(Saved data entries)
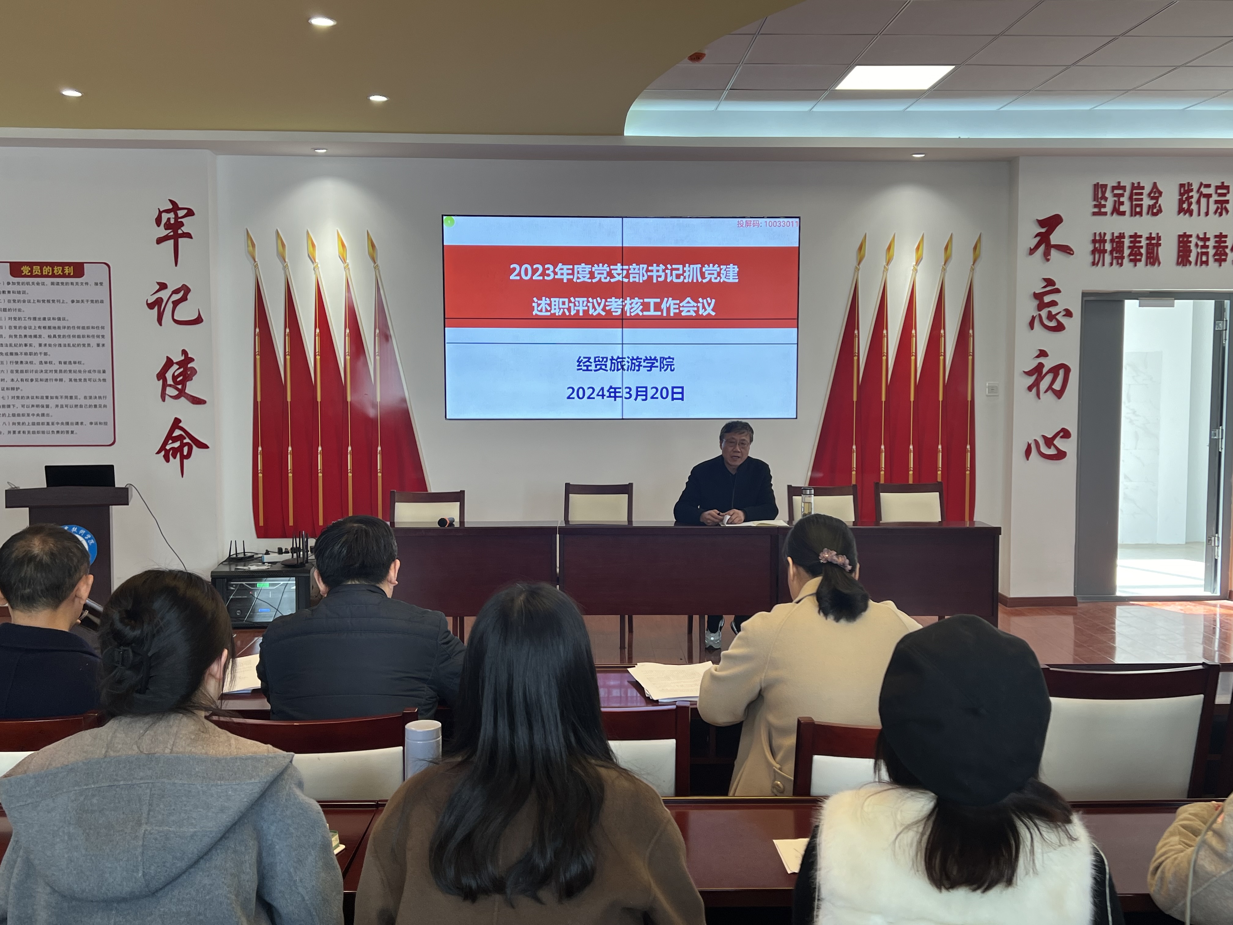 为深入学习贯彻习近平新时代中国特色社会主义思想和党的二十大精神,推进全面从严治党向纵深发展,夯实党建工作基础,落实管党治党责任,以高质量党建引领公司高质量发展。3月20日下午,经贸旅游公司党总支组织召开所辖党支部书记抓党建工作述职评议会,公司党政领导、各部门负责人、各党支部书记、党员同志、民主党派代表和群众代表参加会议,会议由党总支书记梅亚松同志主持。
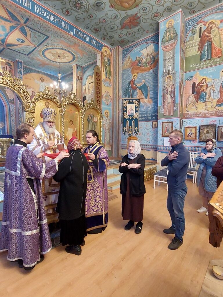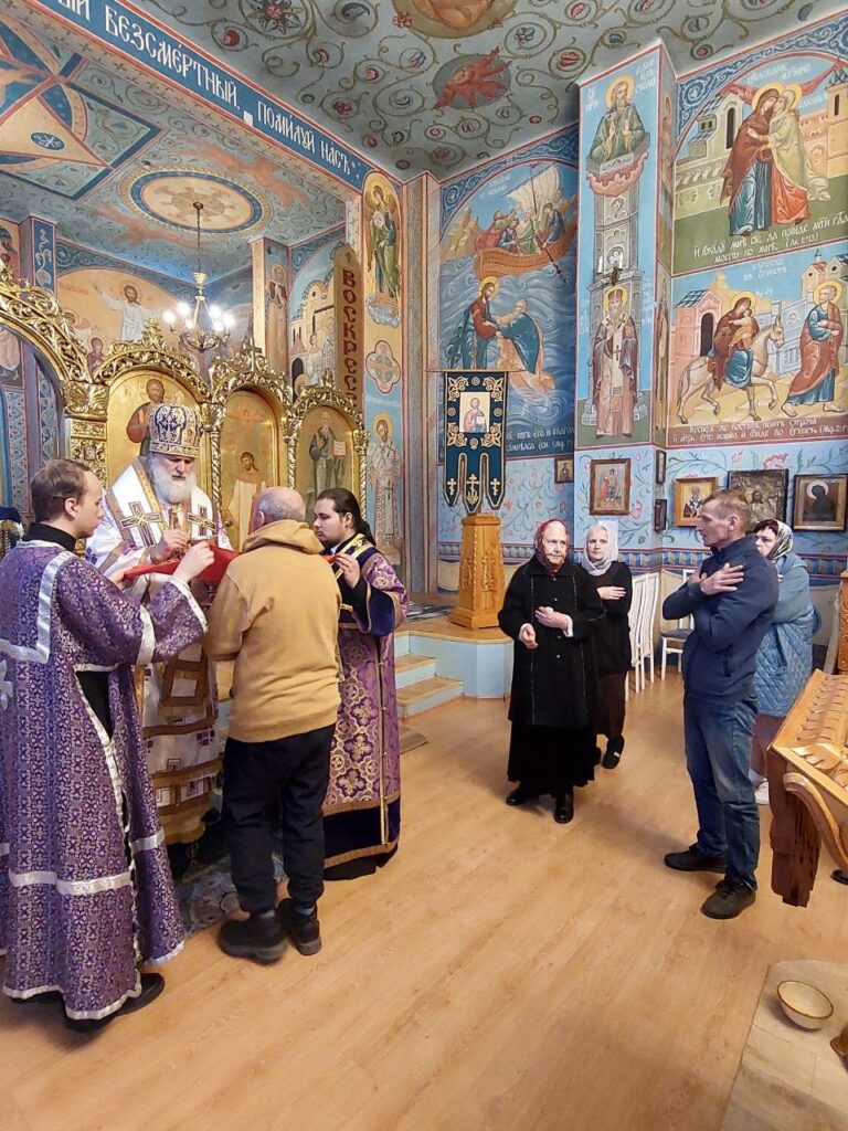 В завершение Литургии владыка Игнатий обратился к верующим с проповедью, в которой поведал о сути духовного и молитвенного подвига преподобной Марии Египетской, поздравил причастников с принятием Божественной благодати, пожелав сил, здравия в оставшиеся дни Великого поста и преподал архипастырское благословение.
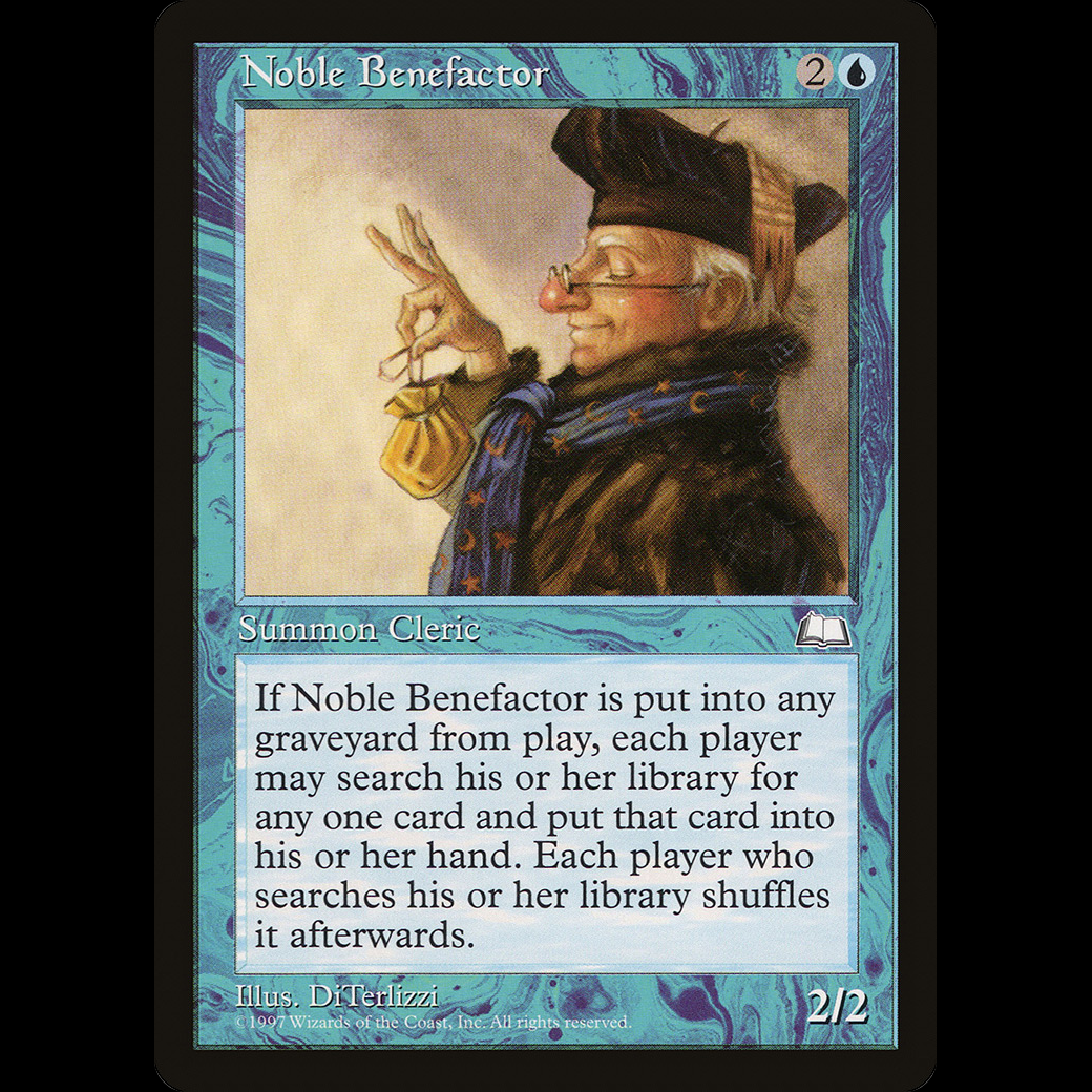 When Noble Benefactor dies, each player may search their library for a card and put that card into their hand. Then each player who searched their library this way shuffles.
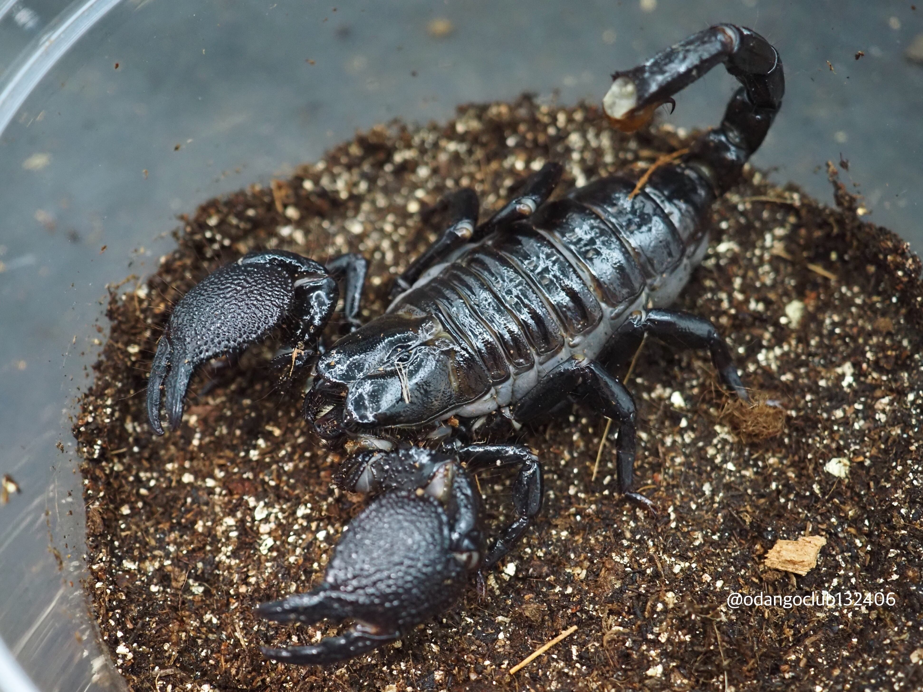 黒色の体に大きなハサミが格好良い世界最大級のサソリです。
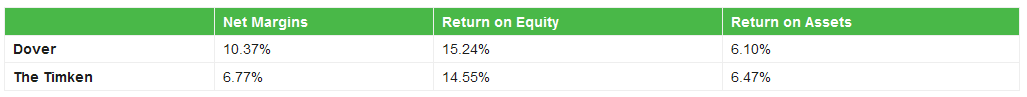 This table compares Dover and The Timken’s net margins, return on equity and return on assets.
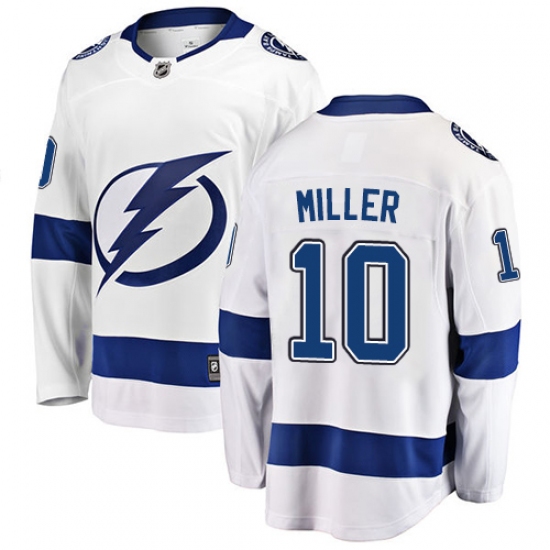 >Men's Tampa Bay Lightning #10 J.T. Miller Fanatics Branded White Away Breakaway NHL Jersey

▸ **TASK DESCRIPTION**: Every entry above should be written out again verbatim, with no pictures included.

▸ **ANSWER SPACE**:
 为深入学习贯彻习近平新时代中国特色社会主义思想和党的二十大精神,推进全面从严治党向纵深发展,夯实党建工作基础,落实管党治党责任,以高质量党建引领公司高质量发展。3月20日下午,经贸旅游公司党总支组织召开所辖党支部书记抓党建工作述职评议会,公司党政领导、各部门负责人、各党支部书记、党员同志、民主党派代表和群众代表参加会议,会议由党总支书记梅亚松同志主持。
 В завершение Литургии владыка Игнатий обратился к верующим с проповедью, в которой поведал о сути духовного и молитвенного подвига преподобной Марии Египетской, поздравил причастников с принятием Божественной благодати, пожелав сил, здравия в оставшиеся дни Великого поста и преподал архипастырское благословение.
 When Noble Benefactor dies, each player may search their library for a card and put that card into their hand. Then each player who searched their library this way shuffles.
 黒色の体に大きなハサミが格好良い世界最大級のサソリです。
 This table compares Dover and The Timken’s net margins, return on equity and return on assets.
 >Men's Tampa Bay Lightning #10 J.T. Miller Fanatics Branded White Away Breakaway NHL Jersey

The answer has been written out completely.